Composer and singer Ysaÿe Barnwell ’67, ’68 will join Geneseo’s celebration of the life and legacy of Martin Luther King Jr. by conducting a Community Sing on Tuesday, February 27 at 6 p.m. in the College Union Ballroom. The sing is free and open to the public.
Barnwell was one of the longest-tenured members of the GRAMMY-nominated African American a cappella ensemble, “Sweet Honey in the Rock.” Sweet Honey draws upon a wide range of musical genres, including spirituals, blues, folk, gospel, jazz, popular and world music. Barnwell sang with the all-female group for 34 years, leaving in 2013 to pursue other callings.
Barnwell says the Community Sing will be a special event. “You don’t have to know how to sing for my Community Sings but you have to be willing to show up and raise your voice along with others who come,” says Barnwell. “I sing and the audience sings back. Before the evening is over we will become a choir of uncommon voices singing with great joy in four- to eight-part harmony, and raising the roof.”
Barnwell received a bachelor’s and master’s degree in speech pathology from Geneseo. She also earned a doctorate in speech pathology from the University Pittsburgh, and later, a master’s in public health from Howard University. She was also awarded an Honorary Doctorate of Humane Letters from Geneseo in 1998.
Barnwell is a prolific composer and has written many of the Sweet Honey’s songs. In addition, she has been commissioned to create music for dance, choral, film and stage productions. She is also an actress, having appeared on television and in the 1998 film, “Beloved,” based on the book by Toni Morrison, and starred Oprah Winfrey and Danny Glover.
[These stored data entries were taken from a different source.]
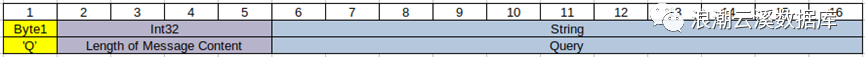 PostgreSQL协议中,客户端和服务器间的所有通信都是以消息为载体的。消息的第一个字节表示消息类型,其后4个字节用于表示除消息类型外消息剩余部分(包括长度自身)的长度(字节数),其余部分为消息内容,由具体的消息类型决定。由于历史原因,客户端发送的最初消息(启动消息)不包含消息类型字节。如下,图1和图2分别示意了启动消息和简单查询报文: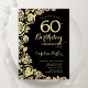 Invitation Elégant Black Gold Roses 60e fête d'anniversaire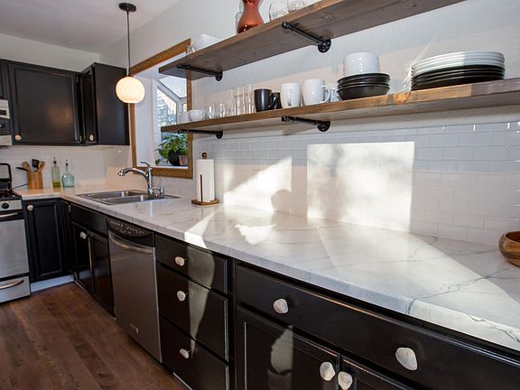This stunning, remodeled home has an open floor plan w/ natural light, in floor heat & gas stove fireplace to keep you warm. Kitchen features SS appliances, gas range, bay window & large island. New paint, flooring, hardware and fixtures installed. Newer HWH, boiler & long lasting metal roof. Extensive landscaping & fully fenced yard with dog run, shed & playhouse. See attached list of upgrades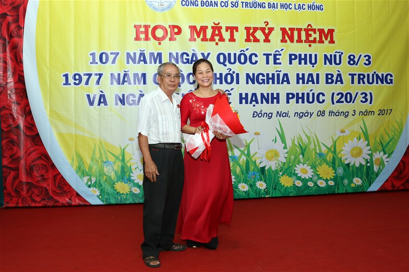 At the event, on behalf of LHU women collective Ms. Le Thi Thu Huong - Members of the Trade Union Executive Committee - Head of Women's Board reviewed the history of the International Women’s Day and highlighted the glorious tradition of Vietnamese women. The meeting was an occasion to honor women's significant contributions to LHU construction and development. On behalf of all women, she received congratulation flowers from the University Party Committee. In addition, the Organization Board presented gifts including cakes and bonus to all female officials, lecturers and staff.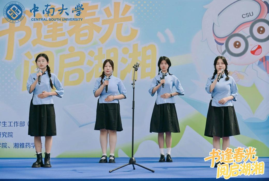主会场上,多名“读书达人”站上领奖台,展示着中南学子的良好风貌。中华经典吟唱团以一首《沁园春·雪》为本届读书文化节拉开序幕。本次活动以“启源-铸韵-立魂-践行-升华-寻根-新生”为主线,设计了投壶雅戏、象棋对弈、先贤飞行棋、拼词成诗等十余项沉浸式互动游戏,让中南学子能够在集章闯关中走进湖湘经典,感悟湖湘书香。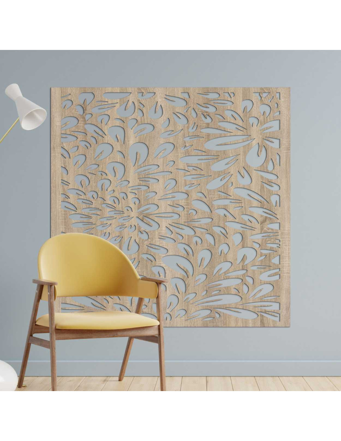 Quadratische, geschnitzte Wandplatte mit Blumendesign | BOMB
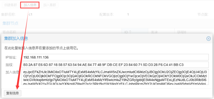 点击集群的“加入信息”并复制,该信息后续在其他节点加入集群时使用。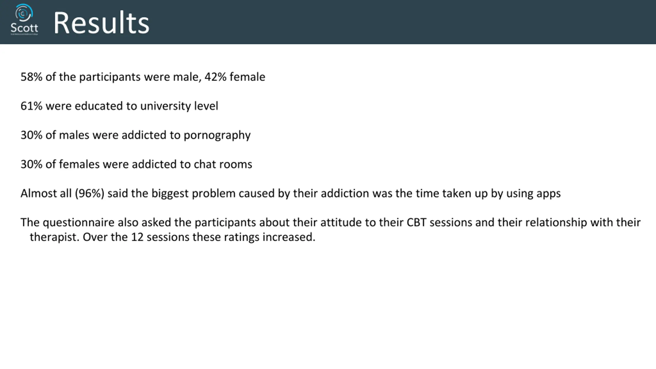 Results 58% of the participants were male, 42% female 61% were educated to university level 30% of males were addicted to pornography 30% of females were addicted to chat rooms Almost all (96%) said the biggest problem caused by their addiction was the time taken up by using apps The questionnaire also asked the participants about their attitude to their CBT sessions and their relationship with their therapist. Over the 12 sessions these ratings increased.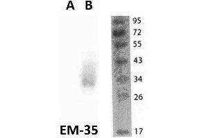 The mouse monoclonal antibody EM-35 recognizes an extracellular epitope on FOLR2, a 30-40 kDa cell surface protein serving as a receptor for folic acid.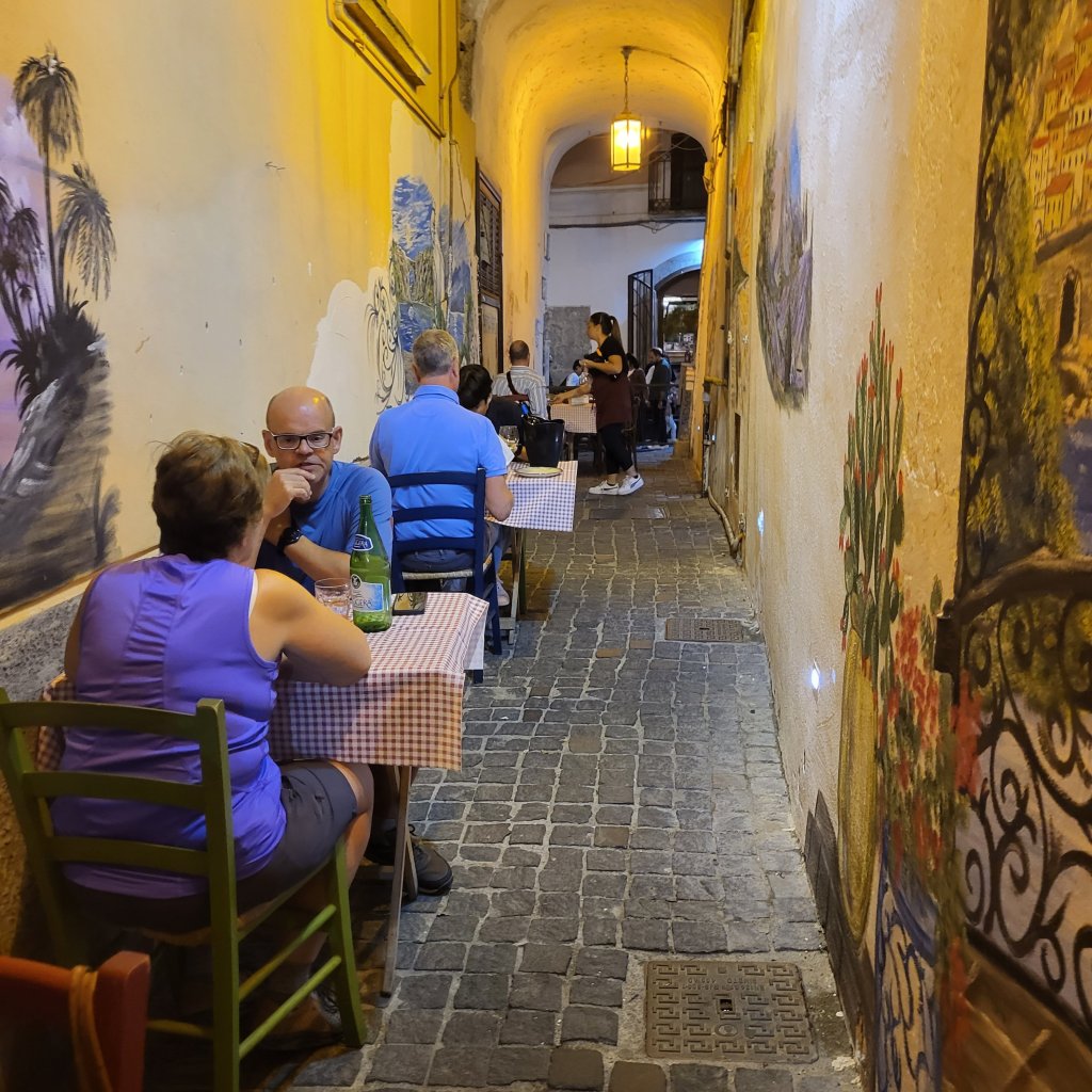 Queste sono due fotografie del vicolo di Santa Maria de domno, vicolo stretto, ma importante perché mette in comunicazione la parte bassa (lungomare) di Salerno con la parte alta (centro storico). Come si vede, non si riesce neppure a camminare. E c’è di peggio: le fotografie non rendono l’inquinamento acustico derivante dalla musica a palla diffusa (chissà perché) dai gestori dei ristoranti. Anche il riposo notturno è precluso.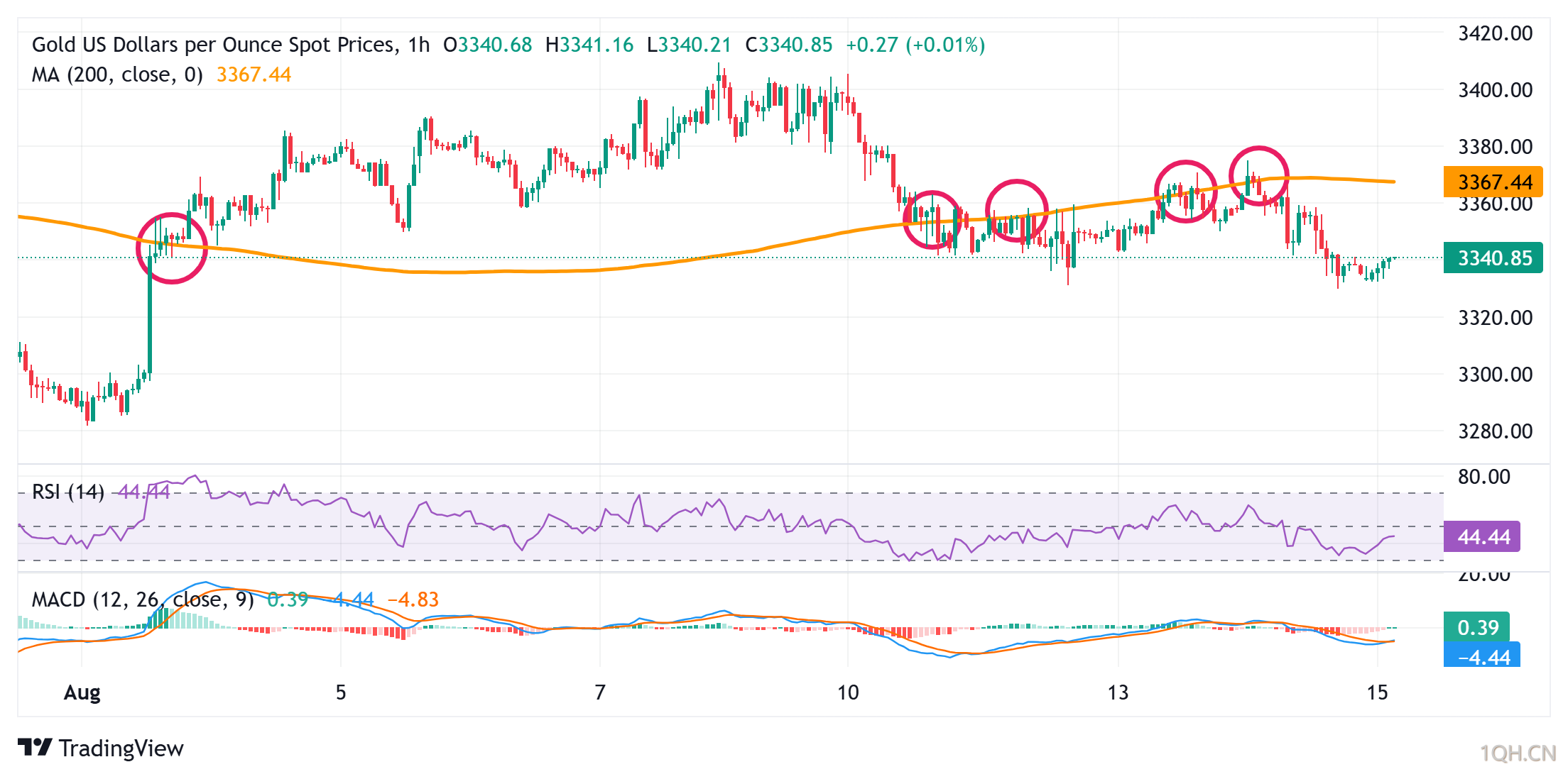 黄金走势在100小时均线关键阻力位(现位于3,355美元附近)下方显得尤为脆弱

Her career as musician, actor, and writer follows twelve years as a professor at the College of Dentistry, Howard University, and her work as project director on community health, technology, and art projects. Barnwell has been a commissioned composer on numerous choral, film, video, dance, and theatrical projects.
As a student at Geneseo, Barnwell was active and involved. She performed with the Chamber Singers and as a solo folksinger; acted in numerous plays; spearheaded invitations to visiting performers; tutored migrant workers, joined the Northern Student Movement organization, and worked with other students and faculty to support the Civil Rights Movement. When Martin Luther King, Jr. was assassinated in 1968, Barnwell was completing work on her Geneseo master's degree and was asked to sing at Geneseo's first memorial commemoration for Dr. King.
Professor of history, Emilye Crosby, who’s planning this month’s commemoration, says, “As a society, we recognize that Dr. King as the most visible leader of the modern Civil Rights Movement, but unfortunately we have frozen him in time with his famous ‘I Have a Dream Speech.’ His life addressed so many more issues related to social justice, including poverty and militarism. In our commemorations at Geneseo, we try to emphasize those efforts and struggles as well as contemporary issues of race and justice.”
The Community Sing is sponsored by the Office of the Provost, Geneseo's Office of Alumni Relations, Black Studies Program, Department of History, Office of Multicultural Programs and Services, Teaching Learning Center, the Institute for Community Well Being, the Black Student Union.